Joel Coen’s new movie turns Shakespeare’s Macbeth into an expressionist German silent film in which the characters talk—call it The Cabinet of the Thane of Caligari. It’s silvery black and white, with intentionally off-kilter sets, sunless skies, and grassless land—designed to evoke the growing derangement of its title character as he descends from a brave and loyal noble into a genocidal totalitarian paranoid of a very modern sort. The Tragedy of Macbeth reminds us again of the literary intelligence and critical care Coen always brings to his work. (This is his 19th feature and the first he’s made without the collaboration of his brother Ethan.) Only someone who has engaged deeply and seriously with Shakespeare’s most chilling play—and only someone with a complete and thorough command of how to control every aspect of a film’s construction—could have made this haunting and eye-popping picture.

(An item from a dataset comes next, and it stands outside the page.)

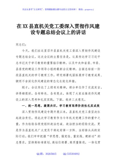 / 在XX县直机关党工委深入贯彻作风建设专题总结会议上的讲话

Even so, there’s something rotten in the state of Scotland. Coen’s Macbeth is a fascinating, respectable, and admirable piece of work, but it’s a failure. It’s amazing to look at, but not so amazing to listen to. The performances are completely subordinated to the design, and at times, I fear, the design is so extreme in its angled distortions that the movie doesn’t so much evoke Shakespeare as it does the Chuck Jones cartoon "What’s Opera, Doc."
The problem derives from Coen’s unfortunately static interpretation of a play in which the inconstancy of nature plays a central part. Macbeth is a play about the dangers of ambition and how its pursuit can be so destabilizing that nature itself rebels against the new order. But the Scotland we see here is a desert-like ruin from the first moment. Thus, Macbeth’s embrace of murder and tyranny does not cause the natural calamities the characters keep telling us have befallen Scotland and its people. That is a fatal interpretive flaw.
While Coen’s vision is too unvarying, the central performances are too tentative. Macbeth hungers for the throne while Lady Macbeth hungers to be the power behind the throne. Their hunger overwhelms their reason, turns them evil, and drives them insane. But Denzel Washington and Frances McDormand are determined to underplay their wildly emotional parts, to speak them quietly and intimately. The goal is clearly to make the language understood and not to eat the scenery. But if there ever were a text that demanded overacting, this is the one. Washington and McDormand (who is married to Coen) seem more to be elements in Cohen’s design scheme, chess pieces he is moving about in three dimensions.
Washington’s cool approach in the early scenes gives us no sense of the unsatisfiable appetite for power awakened in Macbeth by the prophecy of the three weird sisters that he will soon be king. McDormand finally comes to frightening life in her sleepwalking scene, but since she has not established the inhuman ruthlessness her unconscious mind rebels against, the whole bit functions like a horror-movie jump scare. The only genuinely striking performance in this movie comes from Kathryn Hunter, a British stage performer known for her skills as a physical contortionist. She plays all three witches, and she is staggering—frightening and otherworldly and malign.